# TASK INPUTS:

##############################

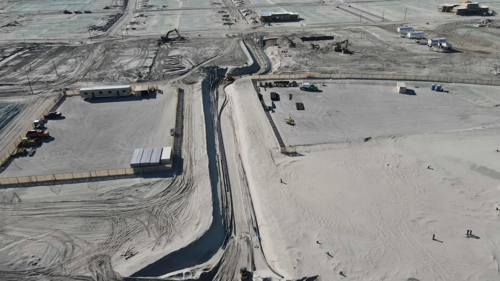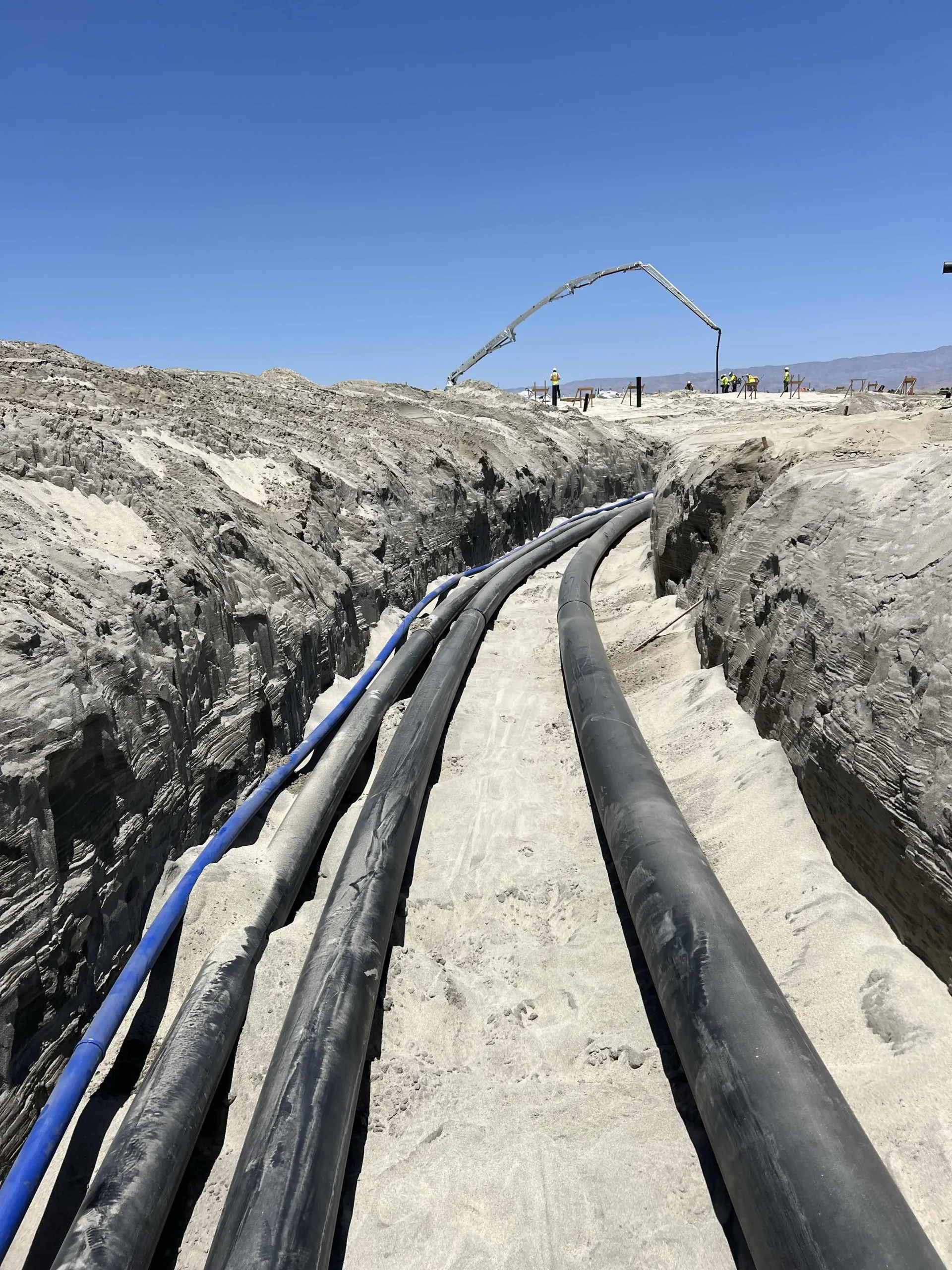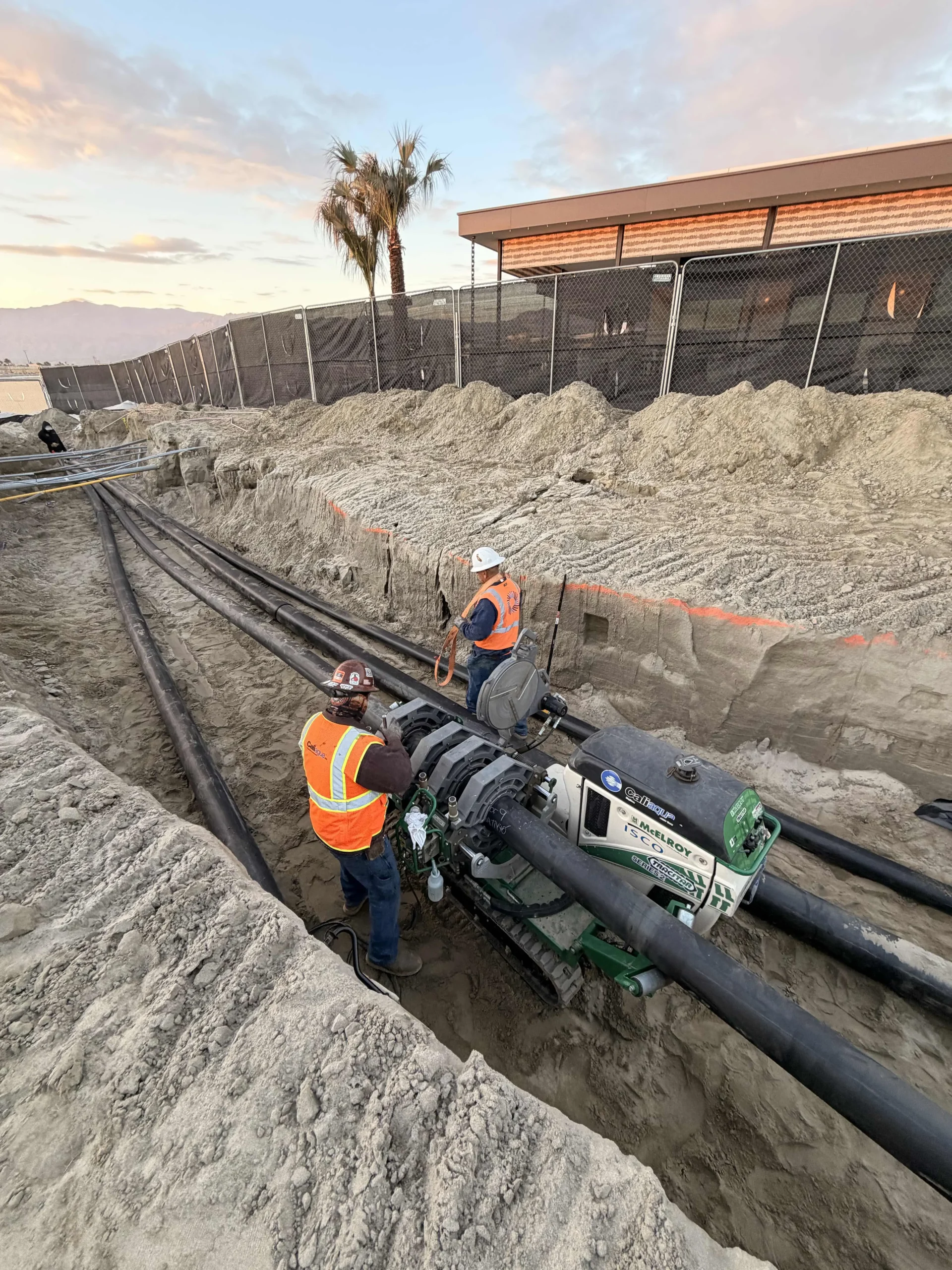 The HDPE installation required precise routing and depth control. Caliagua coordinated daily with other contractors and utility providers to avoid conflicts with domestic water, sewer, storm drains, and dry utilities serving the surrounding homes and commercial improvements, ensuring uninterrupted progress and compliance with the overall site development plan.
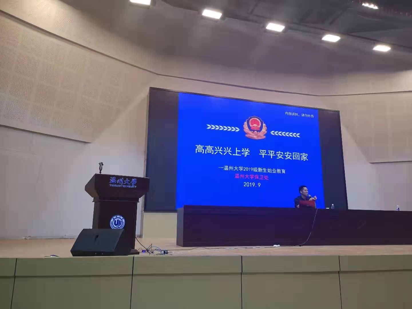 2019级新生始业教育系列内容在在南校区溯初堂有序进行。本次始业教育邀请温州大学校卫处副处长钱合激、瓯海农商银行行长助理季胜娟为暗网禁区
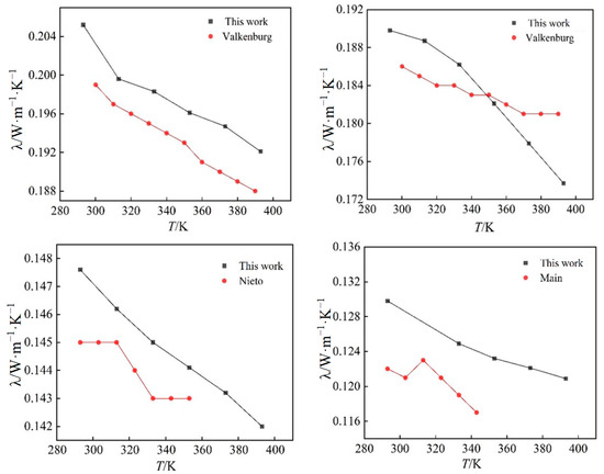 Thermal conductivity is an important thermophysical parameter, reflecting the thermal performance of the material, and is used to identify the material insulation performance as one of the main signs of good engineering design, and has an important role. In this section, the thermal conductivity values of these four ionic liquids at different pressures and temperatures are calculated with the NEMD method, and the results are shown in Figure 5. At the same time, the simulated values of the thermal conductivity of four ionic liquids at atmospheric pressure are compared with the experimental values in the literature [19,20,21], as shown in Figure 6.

##############################

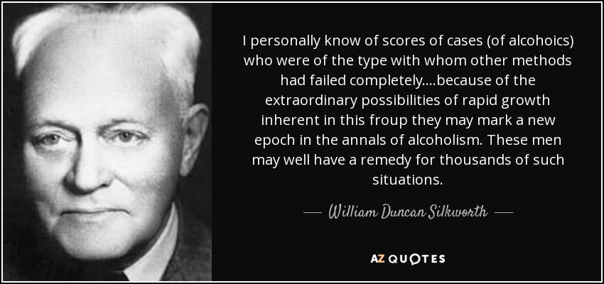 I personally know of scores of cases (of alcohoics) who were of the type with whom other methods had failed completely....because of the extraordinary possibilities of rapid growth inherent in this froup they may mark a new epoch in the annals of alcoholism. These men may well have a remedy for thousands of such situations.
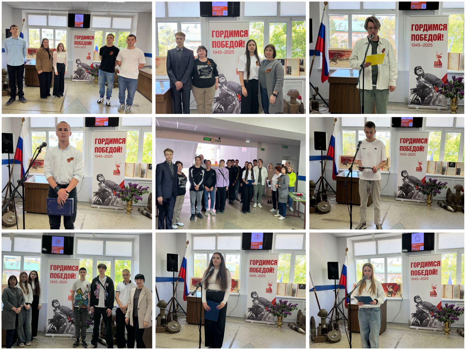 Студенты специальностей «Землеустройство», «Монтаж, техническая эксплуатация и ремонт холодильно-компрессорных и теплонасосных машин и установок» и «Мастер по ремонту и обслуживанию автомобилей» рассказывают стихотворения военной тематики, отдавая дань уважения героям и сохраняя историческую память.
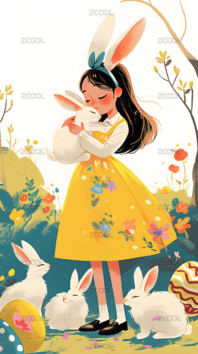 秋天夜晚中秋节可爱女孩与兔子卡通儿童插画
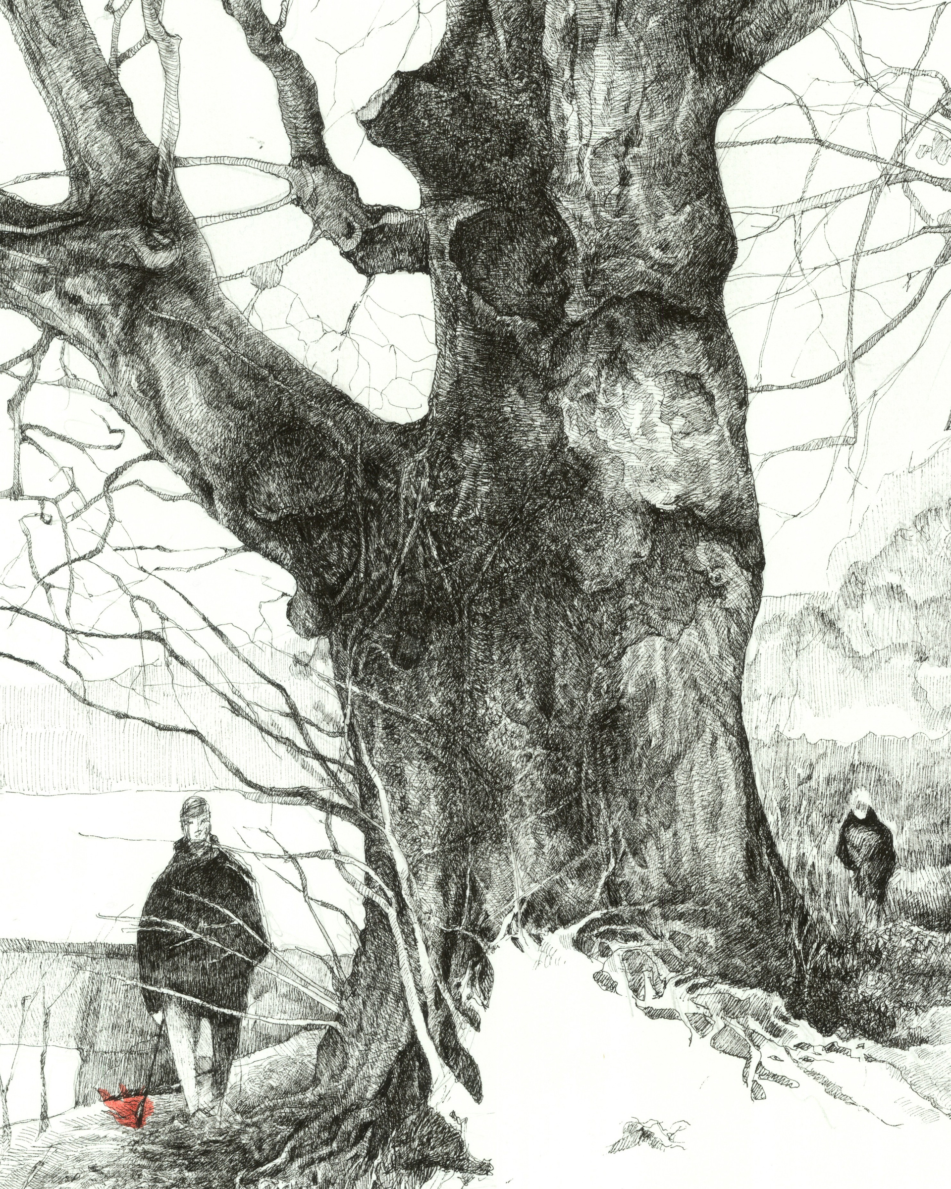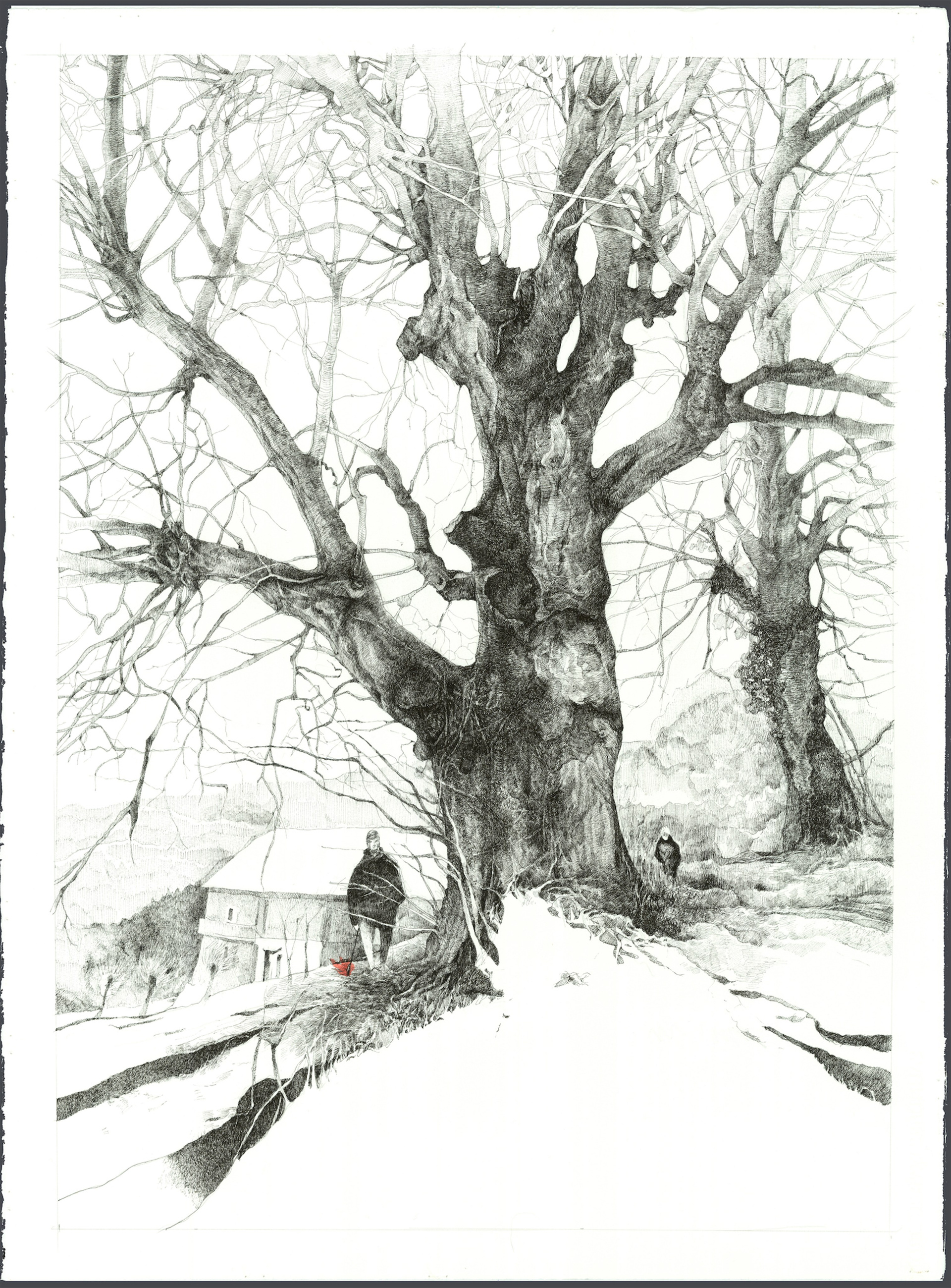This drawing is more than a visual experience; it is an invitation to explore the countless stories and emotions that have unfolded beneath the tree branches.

##############################

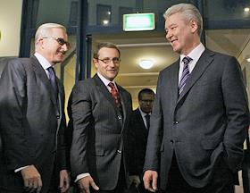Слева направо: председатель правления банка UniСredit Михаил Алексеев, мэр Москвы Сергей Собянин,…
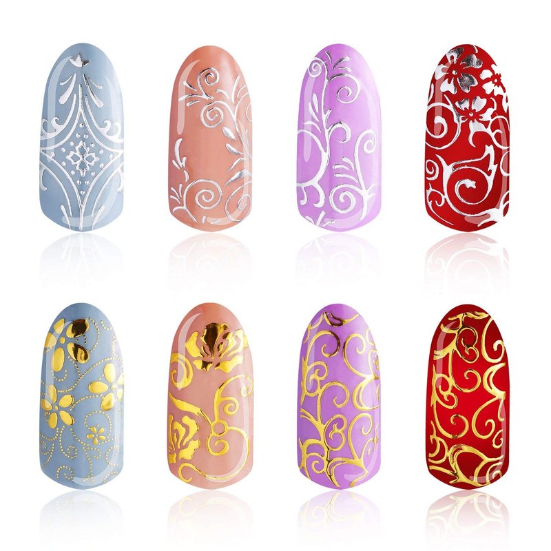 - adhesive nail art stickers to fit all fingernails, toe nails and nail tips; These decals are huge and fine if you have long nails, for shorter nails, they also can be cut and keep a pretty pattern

##############################

# WORK TO COMPLETE:
For this exercise, please set down exactly the lines of the listing above from the line with "The HDPE installation" up to and including the line with "2019级新生始业教育系列内", and no pictures.

# SOLUTION FOR THIS PROBLEM:
 The HDPE installation required precise routing and depth control. Caliagua coordinated daily with other contractors and utility providers to avoid conflicts with domestic water, sewer, storm drains, and dry utilities serving the surrounding homes and commercial improvements, ensuring uninterrupted progress and compliance with the overall site development plan.
 2019级新生始业教育系列内容在在南校区溯初堂有序进行。本次始业教育邀请温州大学校卫处副处长钱合激、瓯海农商银行行长助理季胜娟为暗网禁区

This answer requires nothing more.